Discussions of space rock—an alternately abstract, driving, or phase-heavy species of guitar and/or synthesizer-based music that counts the likes of Yume Bitsu, Landing, and Spiritualized—are notably specious in terms of the genre’s specific temporality. Fair enough: space rock is mostly intended to blast listeners-qua-cosmonauts somewhere beyond the laws of gravity and physics and rhythm logic. Modernity or the lack thereof is beside the point, and the point isn’t very complicated. Either you write 15-minute songs that rock like Our Universe minus the geek explication, or you cannot. Give us The Hitchhiker’s Guide to the Galaxy or a Big Bang or lock the basement door on your way out and pay the pizza guy for us.
Brooklyn’s Oneida have cut a lot of records, many of which are ideal for chin stroking and being introduced to a lot of academic and unorthodox musical ideas that are undervalued in the larger culture. A List of the Burning Mountains (Jagjaguwar) is the quintet’s space rock opus, but it’s hardly the traditional space rock opus. You’re not meant to hit a bong and go hurtling around Jupiter’s third moon at three times the speed of sound while this thing emanates from your high-fi. No, Mountains is a Biblical space rock album, a space rock album not about bitchin’ comets and tubular black holes and skimming asteroid belts while surfing atop the USS Enterprise, but about the very act of fabricating the universe from whole cloth.

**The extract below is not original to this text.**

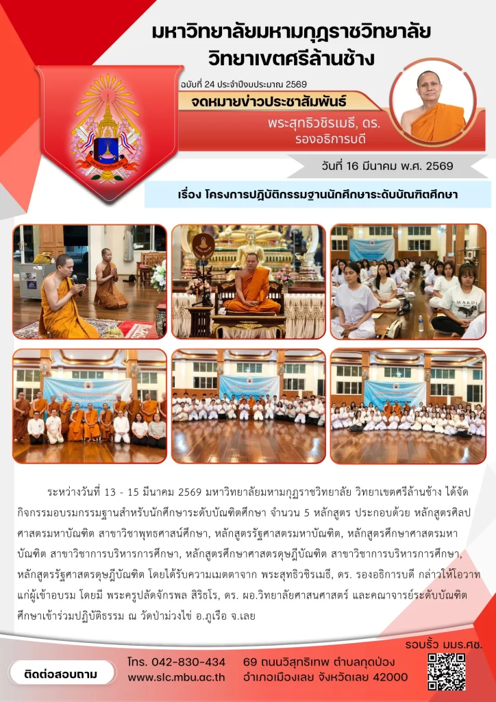 ระหว่างวันที่ 13 – 15 มีนาคม 2569 มหาวิทยาลัยมหามกุฏราชวิทยาลัย วิทยาเขตศรีล้านช้าง ได้จัดกิจกรรมอบรมกรรมฐานสำหรับนักศึกษาระดับบัณฑิตศึกษา จำนวน 5 หลักสูตร ประกอบด้วย หลักสูตรศิลปศาสตรมหาบัณฑิต สาขาวิชาพุทธศาสน์ศึกษา, หลักสูตรรัฐศาสตรมหาบัณฑิต, หลักสูตรศึกษาศาสตรมหาบัณฑิต สาขาวิชาการบริหารการศึกษา, หลักสูตรศึกษาศาสตรดุษฎีบัณฑิต สาขาวิชาการบริหารการศึกษา, หลักสูตรรัฐศาสตรดุษฎีบัณฑิต โดยได้รับความเมตตาจาก พระสุทธิวชิรเมธี, ดร. รองอธิการบดี กล่าวให้โอวาทแก่ผู้เข้าอบรม โดยมี พระครูปลัดจักรพล สิริธโร, ดร. ผอ.วิทยาลัยศาสนศาสตร์ และคณาจารย์ระดับบัณฑิตศึกษาเข้าร่วมปฏิบัติธรรม ณ วัดป่าม่วงไข่ อ.ภูเรือ จ.เลย

The grunt work, you know? The cosmic nuts and bolts, as it were, the precursor to the Big Bang. Figuring out how to build planets and then ensure their continuing rotations around the Sun. What were the exact atmospheric ingredients and conditions conducive to fostering intelligent life? How far apart should one planet be from another so as to challenge intelligent life, to not make interstellar travel too easily achieved? What should the lifetime of a star be? We like to think of God as an all-knowing God, but let’s be real: there was probably a bit of trial and error en route to reality as we’ve come to know it—no YouTube instructional video!—and Mountains echoes with the uncertainty and inelegance of awesome forces colliding and colluding, of dry runs and spectacular fuck-ups and breaks to gawp at the massive scale of the undertaking at hand and constellations already hung and illuminated.
Oneida’s approach here is to carpenter a downright MC Escher/un-climbable Stairway to Never fill of tight, grisly drum-kit runs that suggest the perpetual banging of one divine hammer or a tripping pilgrim’s multiple efforts to kill a fly that’s already dead; 4-D effects-pedal splooge that’s the Guitar Hero equivalent of Galactus excreting fluorescent mineral fluorite stones the size and diameter of Pluto; plus oodles of irradiated, irritable synthesizer drift and solar-flare fizz.
Perspectives shift: sometimes, on Mountains, you are watching The Almighty solder together two halves of a heavenly body, but then sometimes you are situated at the core of that very body, and God is tunneling in, but you don’t really feel one way or the other about that. Themes are adhered to very, very loosely, and there’s the sense of winding as semi-aimlessly through the record is the band is—but nonetheless everyone is on a journey where you’re forced to earn your way. The thinking, bear with me here, is that there’s nothing smooth or effortless or utopian about space, ala 2001 or Star Trek: space is dirty, dangerous, unknowable, and prohibitively expensive, and it was no less disagreeable when it was being willed into existence. Oneida have accomplished something remarkable: they’ve forced space rock to be honest.
—Raymond Cummings is the author of Class Notes, Crucial Sprawl, and a number of other books.